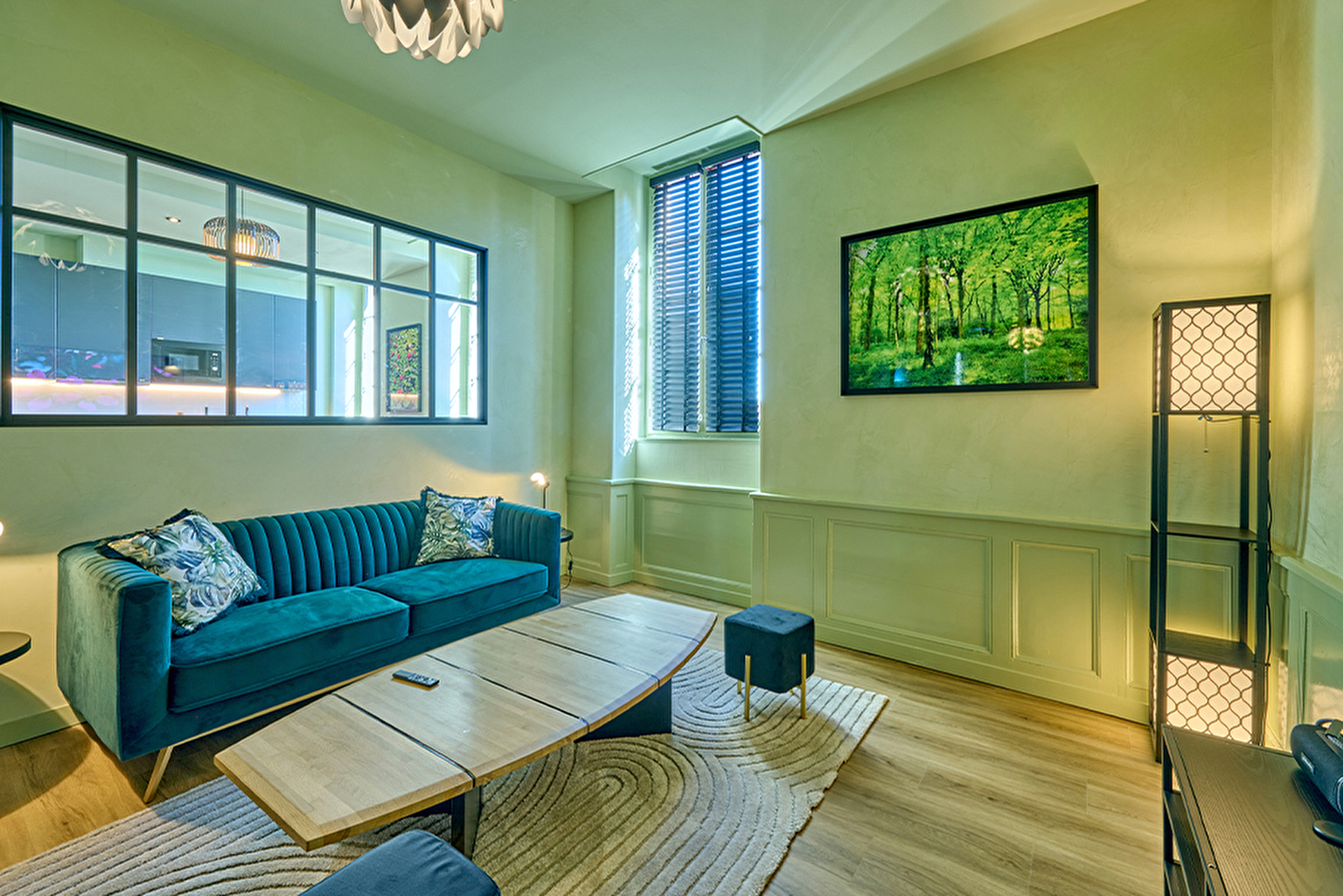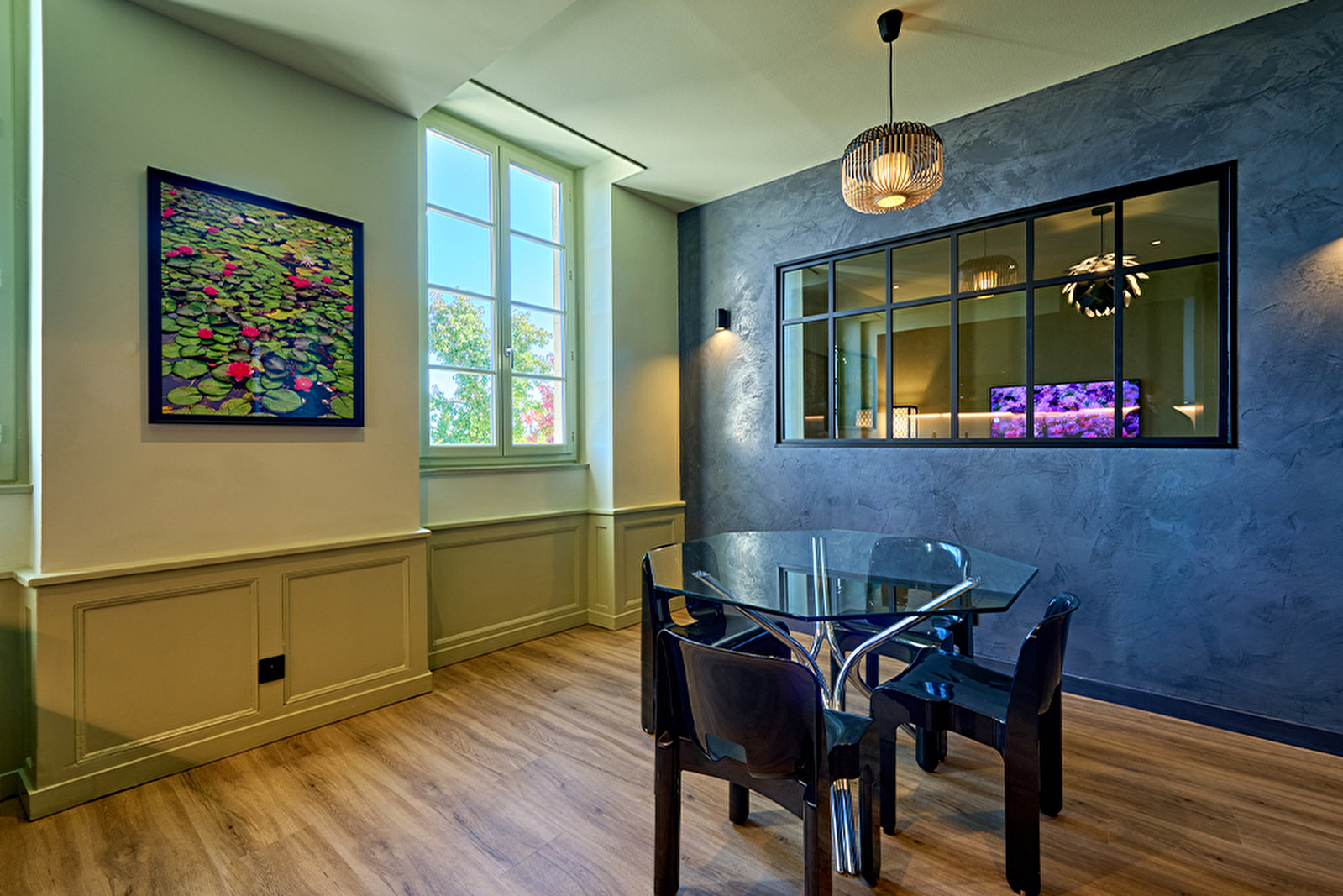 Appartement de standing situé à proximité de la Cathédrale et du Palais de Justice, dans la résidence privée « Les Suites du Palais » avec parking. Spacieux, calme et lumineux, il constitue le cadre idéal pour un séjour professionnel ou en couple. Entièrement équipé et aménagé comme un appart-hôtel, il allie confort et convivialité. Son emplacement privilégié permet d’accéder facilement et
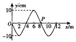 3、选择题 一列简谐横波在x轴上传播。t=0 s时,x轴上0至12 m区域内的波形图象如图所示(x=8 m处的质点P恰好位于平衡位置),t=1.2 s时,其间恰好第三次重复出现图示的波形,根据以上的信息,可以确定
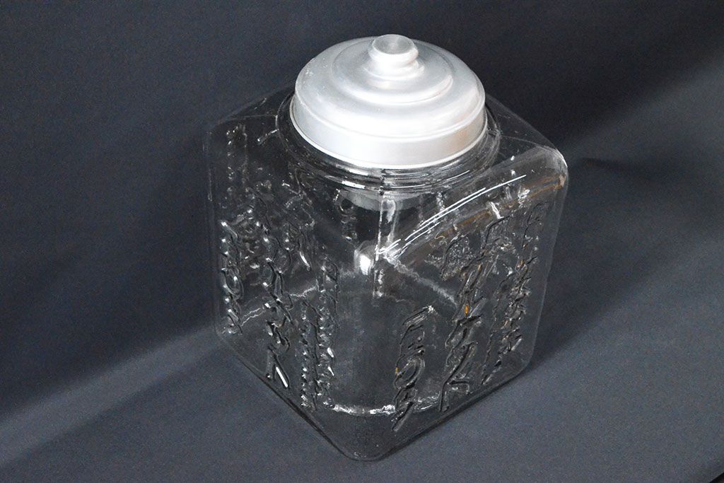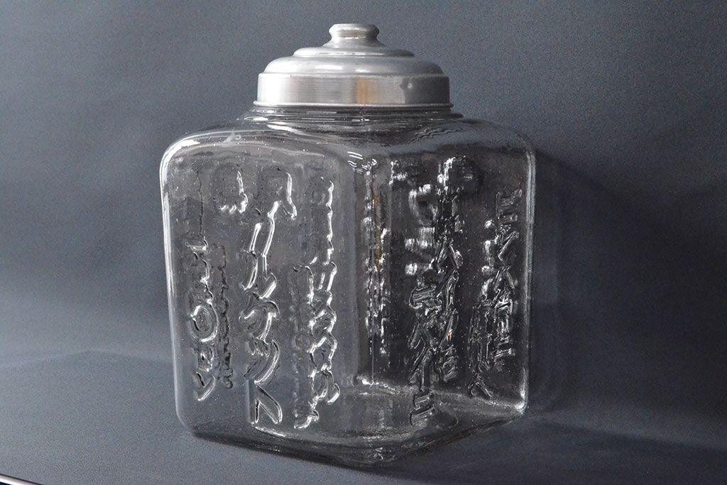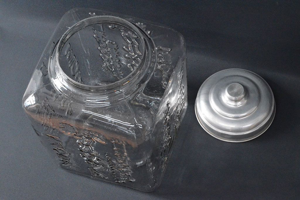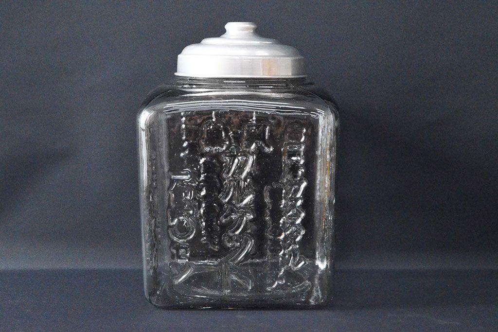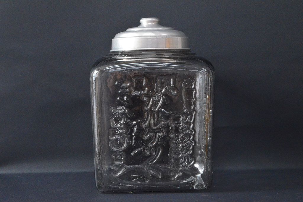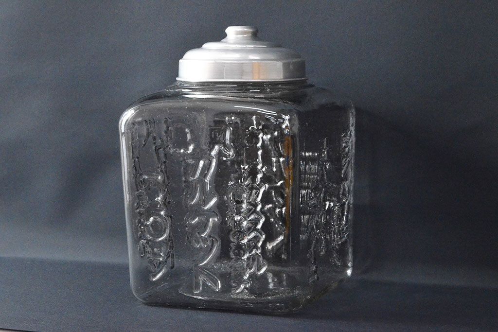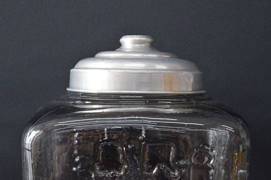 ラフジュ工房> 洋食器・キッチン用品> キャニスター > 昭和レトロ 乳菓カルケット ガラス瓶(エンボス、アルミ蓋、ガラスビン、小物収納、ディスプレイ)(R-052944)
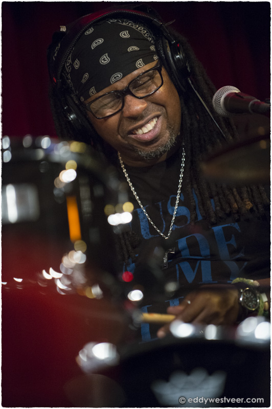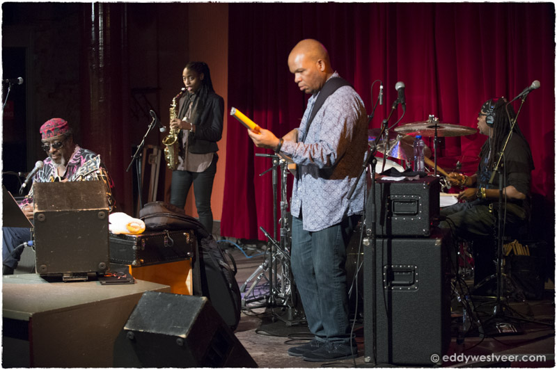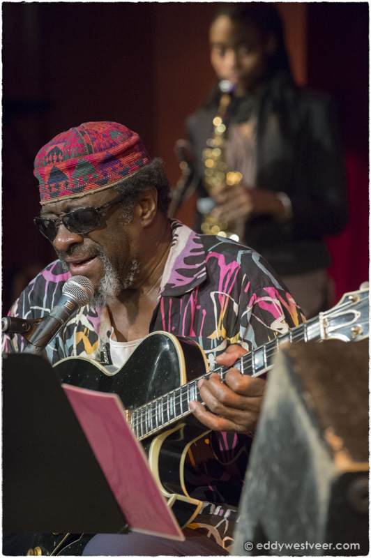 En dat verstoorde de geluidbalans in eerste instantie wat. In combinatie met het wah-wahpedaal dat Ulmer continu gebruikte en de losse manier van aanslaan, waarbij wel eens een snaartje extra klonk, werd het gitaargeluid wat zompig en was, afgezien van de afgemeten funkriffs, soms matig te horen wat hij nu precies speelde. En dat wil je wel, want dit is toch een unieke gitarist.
=-=-=
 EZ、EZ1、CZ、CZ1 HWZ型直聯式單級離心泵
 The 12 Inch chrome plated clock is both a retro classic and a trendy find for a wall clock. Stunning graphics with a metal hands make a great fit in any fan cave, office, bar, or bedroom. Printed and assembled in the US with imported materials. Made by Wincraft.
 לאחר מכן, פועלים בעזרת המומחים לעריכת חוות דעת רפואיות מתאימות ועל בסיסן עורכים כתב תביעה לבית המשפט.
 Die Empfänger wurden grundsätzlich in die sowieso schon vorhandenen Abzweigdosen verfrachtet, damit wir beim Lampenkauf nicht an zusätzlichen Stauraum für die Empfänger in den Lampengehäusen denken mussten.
=-=-=
- _EXERCISE GOAL_
Copy exactly the material above from the line with "Appartement de standing" to the line with "ラフジュ工房> 洋食器・キッチン用品> キャニスター", ends included, and nothing else. Leave out any picture.

- _SOLUTION TO THE EXERCISE_
 Appartement de standing situé à proximité de la Cathédrale et du Palais de Justice, dans la résidence privée « Les Suites du Palais » avec parking. Spacieux, calme et lumineux, il constitue le cadre idéal pour un séjour professionnel ou en couple. Entièrement équipé et aménagé comme un appart-hôtel, il allie confort et convivialité. Son emplacement privilégié permet d’accéder facilement et
 3、选择题 一列简谐横波在x轴上传播。t=0 s时,x轴上0至12 m区域内的波形图象如图所示(x=8 m处的质点P恰好位于平衡位置),t=1.2 s时,其间恰好第三次重复出现图示的波形,根据以上的信息,可以确定
 ラフジュ工房> 洋食器・キッチン用品> キャニスター > 昭和レトロ 乳菓カルケット ガラス瓶(エンボス、アルミ蓋、ガラスビン、小物収納、ディスプレイ)(R-052944)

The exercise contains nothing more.